Mencken’s “The Free Lance” began on May 8, 1911 in the Evening Sun. His columns generated such controversy that letters of protest poured into the Sun’s office. Mencken saw to it that the most vigorous attacks against him were printed in the column next to his own: “This was partly mere bombast and braggadocia,” he later recalled, “but also partly genuine belief in free speech.” Mencken referred to “The Free Lance” as a “private editorial column devoted wholly to my personal opinions and prejudices.” The title, in fact, denotes a knight who will do battle for a whole variety of causes. Mencken launched his career as a social critic with the founding of The American Mercury. He wanted a magazine free from literary criticism so that he could deal with the wider issues of society and politics. By the time The American Mercury was established in 1924, Mencken was already a nationally known figure.

The 1920’s marked the high point of his popularity. His work on the Sun and his series of weekly syndicated articles for the Chicago  Sunday Tribute had extended his reputation greatly.

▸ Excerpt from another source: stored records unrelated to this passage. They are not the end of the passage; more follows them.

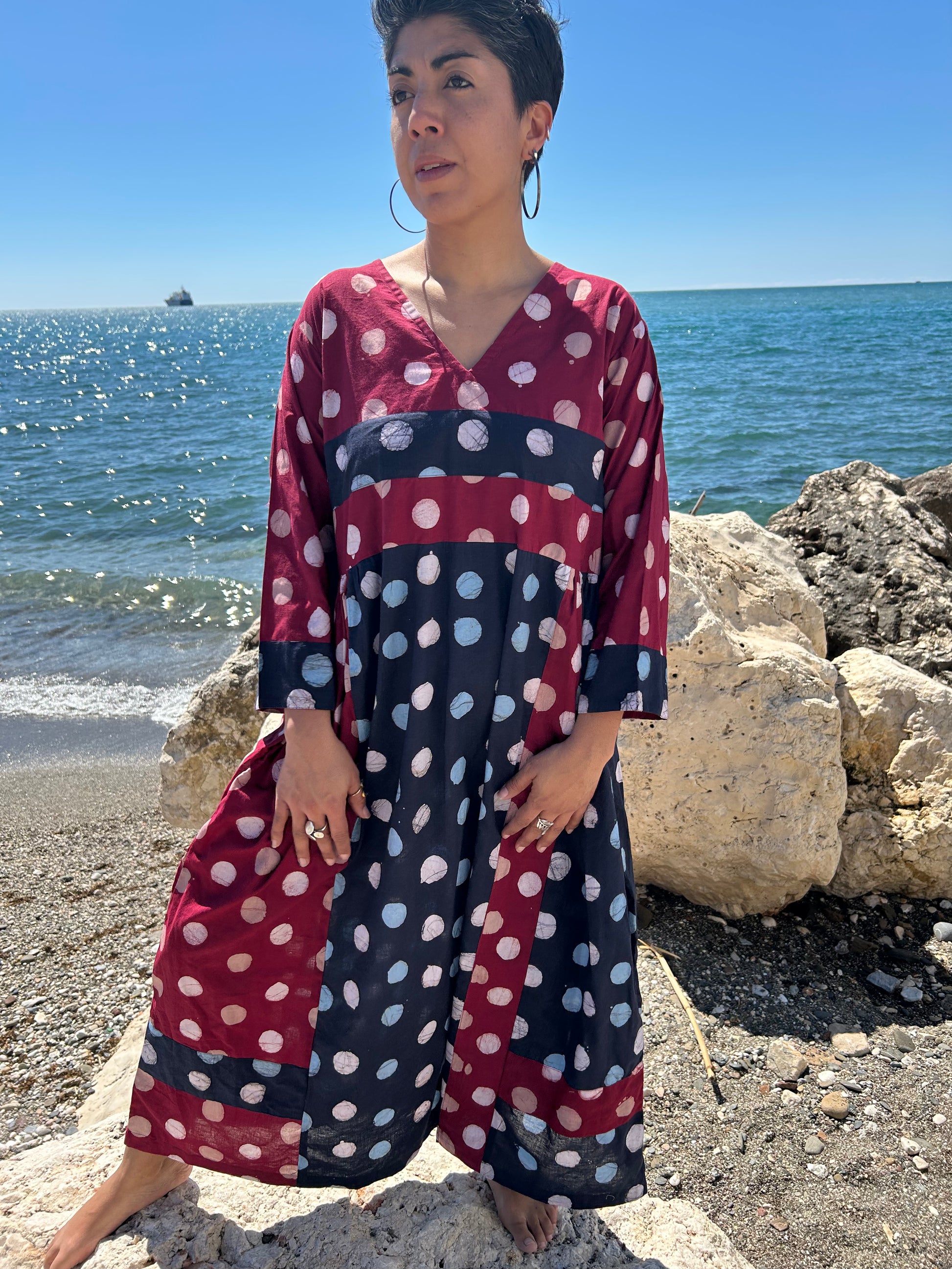It is beautifully painted on with blocks- a traditional Indian style of printing.Each layered block by block,colour by colour, creating an exquisite design.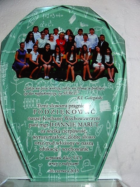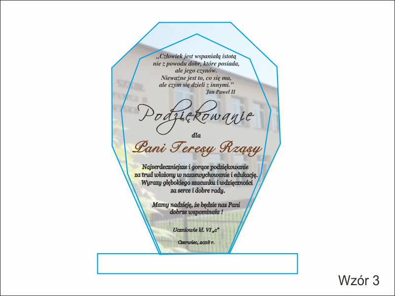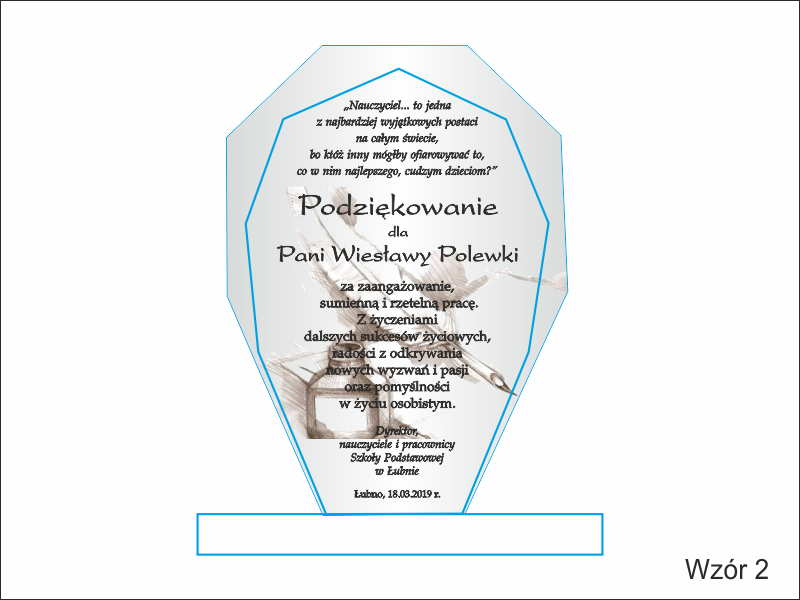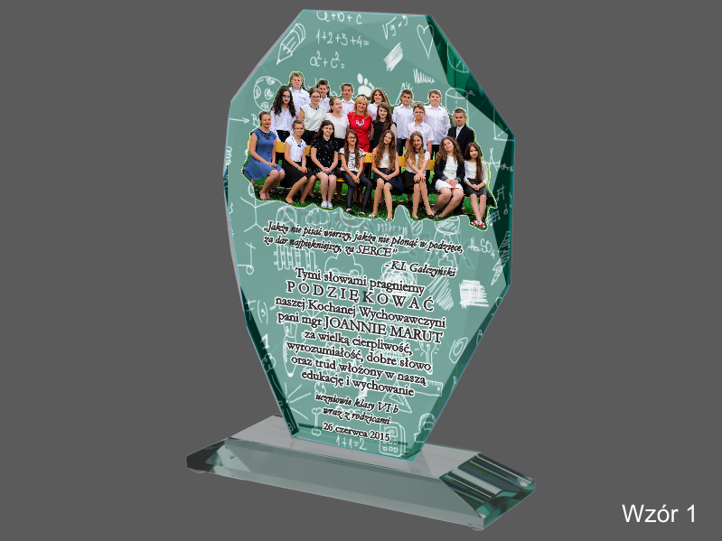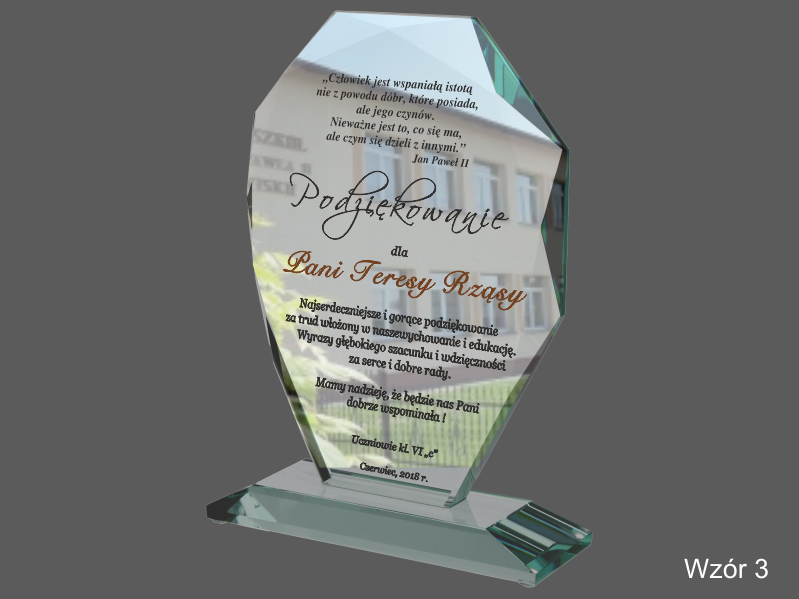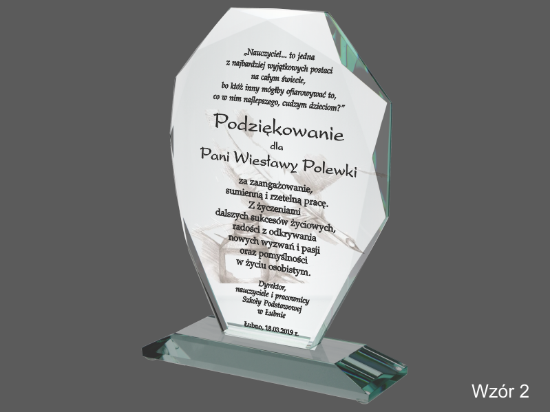 Pamiątkowy nadruk dla Nauczyciela można także wykonać na innych modelach szklanych statuetek.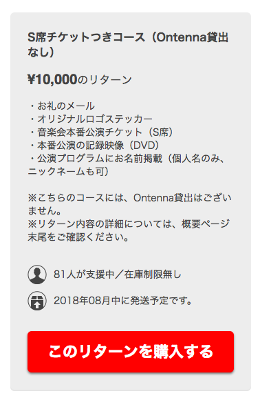 S席チケットつきコース(Ontenna貸出なし)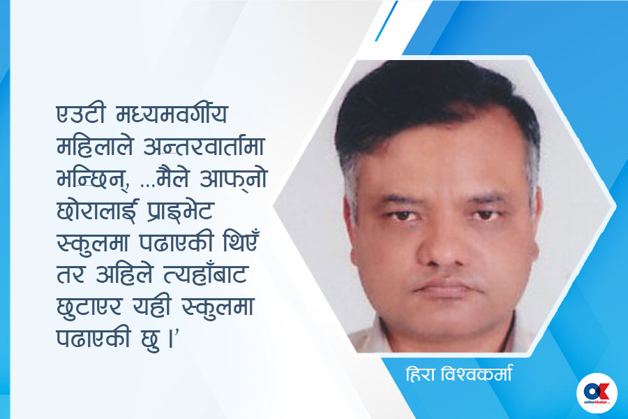 उनीहरू भन्छन्, ‘हाम्रो आम्दानीले प्राइभेट स्कुलमा पढाउन कहाँ पुग्छ र ? तर, त्यसमा पछुतो छैन, विद्यार्थीहरूका सबै खर्चहरू स्कुलले व्यहोर्छ, दिउँसोकोस्वस्थकर र स्वादिलो खाजा पनि स्कुलले नै प्रदान गर्छ । अहिले स्कुल भित्र पौडी पोखरी पनि बन्दै छ, जहाँ विद्यार्थीहरूले पौडी पनि सिक्न पाउने छन् ।’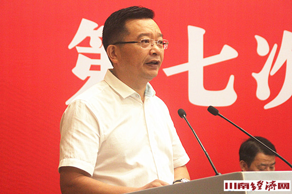川南经济网讯(初旭)9月11日下午,泸州市企业联合会、泸州市企业家协会(简称泸州市企联)在南苑会议中心召开泸州市企联第七次会员代表大会,暨“贺金秋·庆国庆”诗赋活动颁奖大会。出席会议的有:泸州市政府副市长付小平,四川省企联副会长兼秘书长梁勤,市企联顾问曹锡森(泸州市政府原老市长)、陈善强(泸州市委原副书记)、泸州市企联名誉会长张学焘、四川省扶贫基金会泸州分会会长伍福钊等领导和嘉宾,企业家及企业界朋友,共二百余人参加会议。

Mencken was especially sensitive to the threats against civil liberties. His political commentaries often focused on the breakdown of personal freedom. Prohibition represented one threat. In Prejudices: Fourth Series, he comments: “What lies under it (Prohibition), and under all the other crazy enactments of its category is no more and no less than the yokel’s congenital and incurable hatred of the city man.” His crusade against the Fundamentalist movement, culminated in the famous “Monkey Trial,” in Dayton, Tennessee, in 1925. Mencken covered the trial of John T. Scopes, a high school teacher who had presented the theory of evolution in his class. He saw the case as part of  the struggle of civilization and science against bigotry and superstition.